From: Right shifting negative numbers in C

Edit: According to the Section 6.5.7 of the latest draft standard, this behavior on negative numbers is implementation dependent:

The result of E1 >> E2 is E1 right-shifted E2 bit positions. If E1 has an unsigned type or if E1 has a signed type and a nonnegative value, the value of the result is the integral part of the quotient of E1 / 2^E2. If E1 has a signed type and a negative value, the resulting value is implementation-defined.

And, your implementation is probably doing an Arithmetic Shift with two's complement numbers

---

Operator >> as Signed right shift or arithmetic right shift, shift all the bits to right a specified number of times. Important is >> fills leftmost sign bit (Most Significant Bit MSB) to leftmost bit the after shift. This is called sign extension and serves to preserve the sign of negative numbers when you shift them right.

Below is my diagrammatic representation with an example to show how this works (for one byte):
Example:

i = -5 >> 3;  shift bits right three time 

Five in two's complement form is 1111 1011 Memory Representation:

 MSB
+----+----+----+---+---+---+---+---+
|  1 |  1 | 1  | 1 | 1 | 0 | 1 | 1 |   
+----+----+----+---+---+---+---+---+
   7    6   5    4   3   2   1   0  
  ^  This seventh, the left most bit is SIGN bit  

And below is, how >> works? When you do -5 >> 3

                        this 3 bits are shifted 
                         out and loss
 MSB                   (___________)      
+----+----+----+---+---+---+---+---+
|  1 |  1 | 1  | 1 | 1 | 0 | 1 | 1 |   
+----+----+----+---+---+---+---+---+
  | \                 \  
  |  ------------|     ----------|
  |              |               |
  ▼              ▼               ▼
+----+----+----+---+---+---+---+---+
|  1 |  1 | 1  | 1 | 1 | 1 | 1 | 1 |
+----+----+----+---+---+---+---+---+
(______________)
 The sign is        
 propagated

Notice: the left most three bits are one because on each shift sign bit is preserved and each bit is right too. I have written The sign is propagated because all this three bits are because of sign(but not data).

[ANSWER]
In your output in

first Eight lines

      ~t is 0
==>    t is FFFFFFFF 
==>    t is -1

(Note: 2's complement of -1 is FFFFFFFF, because 1 = 00000001, 1's complement of 1 is FFFFFFFE, and 2's complement = 1's complement + 1 that is: FFFFFFFE + 00000001 = FFFFFFFF)
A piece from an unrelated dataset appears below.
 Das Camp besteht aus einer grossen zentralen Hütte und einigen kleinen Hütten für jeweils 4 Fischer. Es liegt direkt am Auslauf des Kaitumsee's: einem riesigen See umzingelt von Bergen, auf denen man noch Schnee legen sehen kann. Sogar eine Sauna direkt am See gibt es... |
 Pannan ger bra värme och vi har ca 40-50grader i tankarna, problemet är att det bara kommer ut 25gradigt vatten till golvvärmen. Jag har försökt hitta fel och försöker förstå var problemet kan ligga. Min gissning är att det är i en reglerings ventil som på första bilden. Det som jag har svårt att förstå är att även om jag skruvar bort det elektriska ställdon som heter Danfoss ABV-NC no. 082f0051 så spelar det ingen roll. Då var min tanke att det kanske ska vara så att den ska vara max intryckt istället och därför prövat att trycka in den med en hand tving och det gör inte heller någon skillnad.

So t is always evaluated -1 in first eight times in loop. Yes, How ?

In for loop

for (i=120;i<140;i++){
     t = (i - 128) >> 31;

values of i for first eight time is i = 120, 121, 122, 123, 124, 125, 126 ,127 all eight values are less then 128. So return of (i - 128) = -8, -7, -6, -5, -4, -3, -2, -1. hence in first eight times expression t = (i - 128) >> 31 shift-rights a negative number.

t =   (i - 128)  >> 31
t =  -ve number  >> 31

Because in your system int is of 4 bytes = 32 bits, all right most 31 bits are shift-out and loss and due to propagation of sign bit that is 1 for negative number all bits value becomes 1. (as I have shown in above figure for one byte)

So for fist eight times:

    t =  -ve number  >> 31 ==  -1 
    t = -1
  and this gives 
    ~t = 0

Hence output of fist eight times for ~t is 0.

For remaining last lines

      ~t is FFFFFFFF
==>   ~t is -1   
==>    t is 0 

For remaining last lines, in for loop

for (i=120;i<140;i++){
     t = (i - 128) >> 31;

i values are 128, 129, 130, 132, 133, 134, 135, 136, 137, 138, 139, all are greater then or equals to 128. and sign bit is 0.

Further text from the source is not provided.